Но если у нее и было что-то общее с птицей – так это клетка, в которую ее заперли. Поэтому вместо бесплодных раздумий о тяжкой судьбе, ожидавшей ее через несколько недель, Клео сосредоточилась на том, что оставалось в ее власти. Она могла прибегнуть к знаниям. И приобрести новые. Надеясь на то, что найти ответы на вопросы пока еще не слишком поздно, Клео вот уже во второй раз за день направлялась в дворцовую библиотеку.
Но, еще не дойдя до высоких дверей хранилища книг, обнаружила Миру, всхлипывавшую в коридоре.
– Мира, дорогая! – Клео бросилась к подруге и крепко обняла ее. – Что случилось?
Девушка не сразу сумела заговорить внятно.
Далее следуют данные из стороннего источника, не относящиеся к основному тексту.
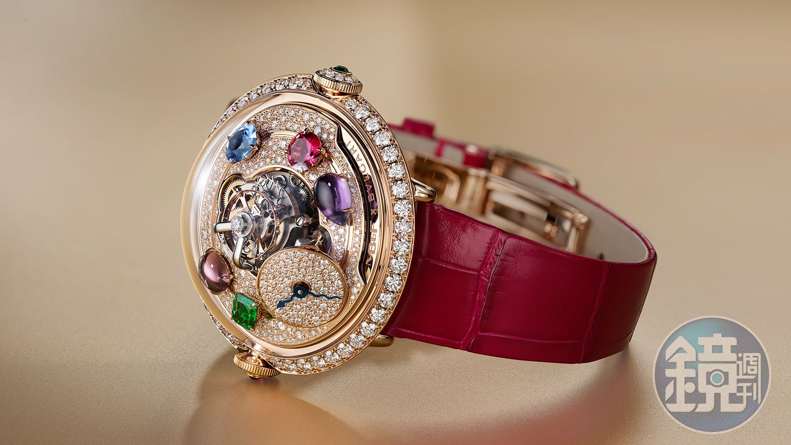 Flying T Allegra無論在名字還是外型,都很言簡意賅點名兩者的特色,Flying T是MB&F的飛行陀飛輪錶款,傾斜50度的偏心時分盤指示搭配飛行陀飛輪是它的精髓,後來在面盤材質上也用寶石做了幾款變化。而Allegra將切割形狀各異的彩色寶石,行星般不規則排列在面盤周圍,是寶格麗的招牌技法。如果對寶格麗早期作品有印象的話,會發現Allegra有2005年那款Astrale的基因在裡面,將橄欖石、電氣石、紅榴石以及黃玉等有色寶石,散佈成一個星空般的小宇宙,Fabrizio在形容這只聯名款的時候,說它從側面看上去的形狀就像飛碟一樣立體,說來也是滿貼切的。
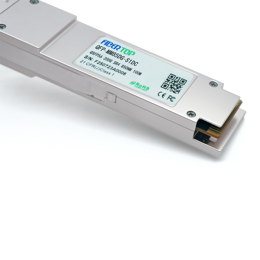 SKU: QFP-MM85DG-S1DC   Product Highlights   Hot Pluggable QSFP56 Transceiver   Supports 212,5Gbps aggregate bit rate   Up to 53.125Gbps data rate per channel   SFF-8665 compliant QSFP56 port;SFF-8636 compliant I2C management   Compliant with IEEE802.3cd 200GBASE-SR4   MPO-12 connector receptacle with UPC end-face   Maximum link length of 100m on OM4 MMF

– Я все брата отыскать не могу! – кое-как выговорила она наконец. – Они убили его, Клео, я точно знаю, убили!
Клео постаралась увести ее подальше от охранников-лимерийцев, которыми, кажется, кишел каждый закоулок дворца. У них был приказ не спускать глаз с принцессы, чтобы она, чего доброго, не улизнула наружу.
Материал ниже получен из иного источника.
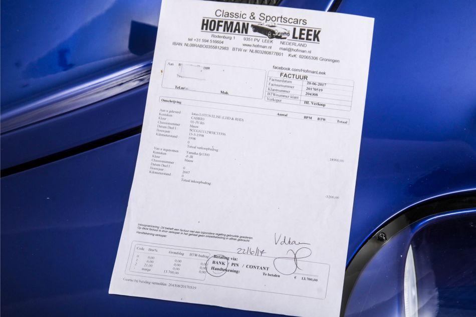 A beautiful Lotus Elise S1 finished in azure blue! This example is in neatly maintained condition both optically and technically. The plastic body is painted in brilliant Azure blue metallic paint, both body and paintwork are sleek and the whole is a feast for the eyes. Only the essentials were given a place in the interior, obviously to keep the overall weight as low as possible. The beige leather-upholstered seats offer a great seat, even taller drivers can do just fine in the Lotus Elise. This is a left-hand drive example. The Elise was converted to left-hand drive by us in 2009. The odometer shows just 38,200 miles. A Lotus Elise is also an interesting investment. The Lotus Elise is a lightweight open sports car built by Lotus. This innovative sports car was presented at the September 1995 Frankfurt Motor Show (initially under project name M1-11) and was the salvation for Lotus. The car has a bonded aluminium chassis, which is very rigid. The bodywork consists of polyester. The car's low weight (initially around 700 kg) ensures high agility and fast acceleration. With maintenance history. Read the article on autovisie highlighting this car with photos here https://www.autovisie.nl/occasions/lichtgewicht-sport-occasion-geeft-bakken-plezier-lotus-elise/.
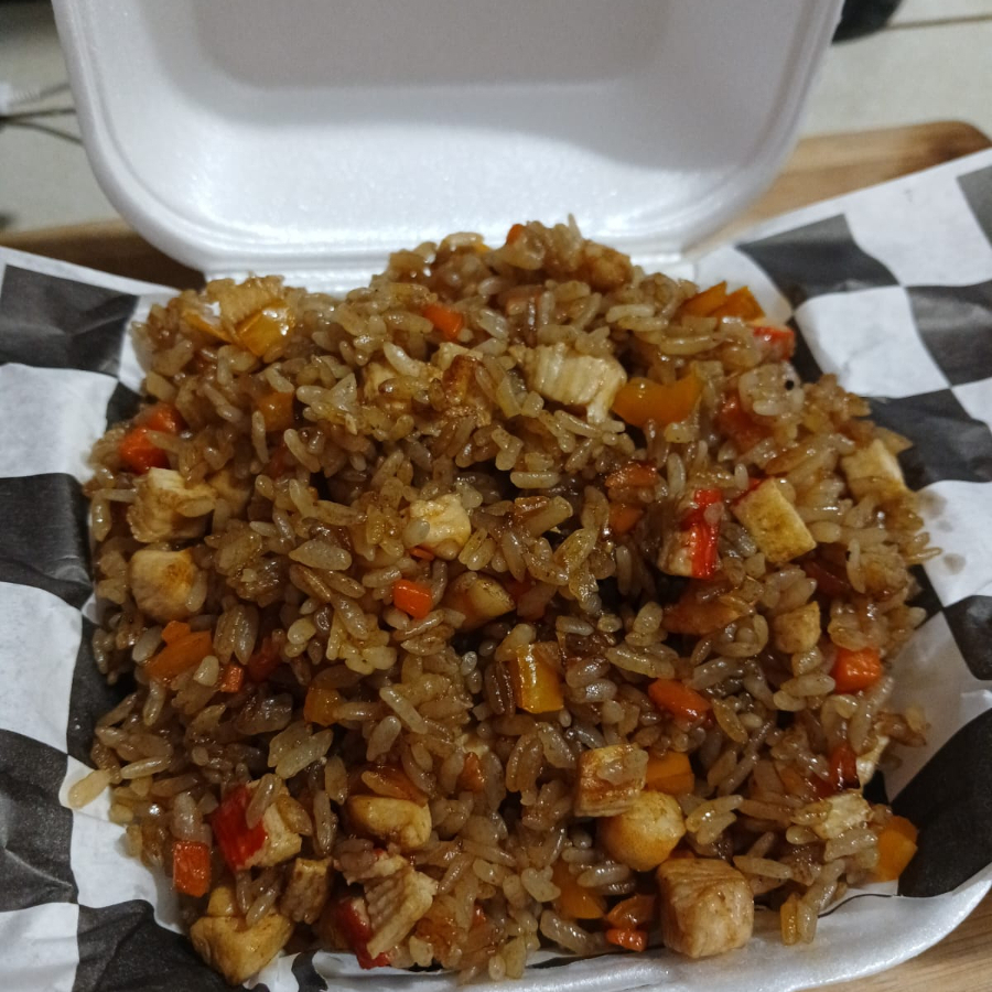 ARROZ FRITO, CON GERMEN DE SOYA, ZANAHORIA, PIMIENTO VERDE, CEBOLLÍN Y POLLO, BAÑADO EN SALSA SOYA

– Живой он, наш Ник, – заверила Клео подругу, отводя ее ладони от мокрого лица.
– Откуда ты знаешь?
– Если бы его убили, Магнус бы мне во всех красках расписал его гибель, чтобы я как следует прочувствовала. Чтобы знала: его убили за то, как он себя повел в Пелсии. – Даже мысль о подобной возможности ранила ее, будто каленое железо. – Магнус знает, что это сломит меня. И уж он не задумываясь рассказал бы мне о его смерти… Пусть мы еще не нашли Ника, Мира, точно говорю тебе: он жив!
Обязан быть жив, добавила она про себя.
Ее слова возымели должное действие. Мира постепенно овладела собой и перестала плакать. Она устало вытерла ладонью глаза, и в ее взгляде зажглись огоньки гнева.
– Ты права. Уж принц не упустил бы возможности насладиться твоей болью. Клео, как же я его ненавижу! Всякий раз, когда он является проведать принцессу Люцию, прямо дождаться не могу, чтобы ушел наконец! Зверь он, вот что!
За неделю, миновавшую с кошмарного дня их помолвки, Клео почти не виделась с новым женихом. Он, кажется, и сам избегал невесты, и это ее вполне устраивало.
– Золотые слова, – пробормотала она. – Просто постарайся ему под руку не попадаться, хорошо? Кстати, а как ты из спальни Люции улизнула? А то я последнее время совсем тебя не вижу.
– Там с ней сейчас королева. Она меня, конечно, выставила вон, ну а я и не возражала. Как же мне хотелось в этом гадюшнике хоть одно дружеское лицо увидеть! А тут вдруг ты прямо навстречу…
Клео подавила невольную улыбку. Верно, гадюшник. Лучше не скажешь!
– И я ужас как рада повидаться с тобой, – сказала она. – За весь день первый луч света!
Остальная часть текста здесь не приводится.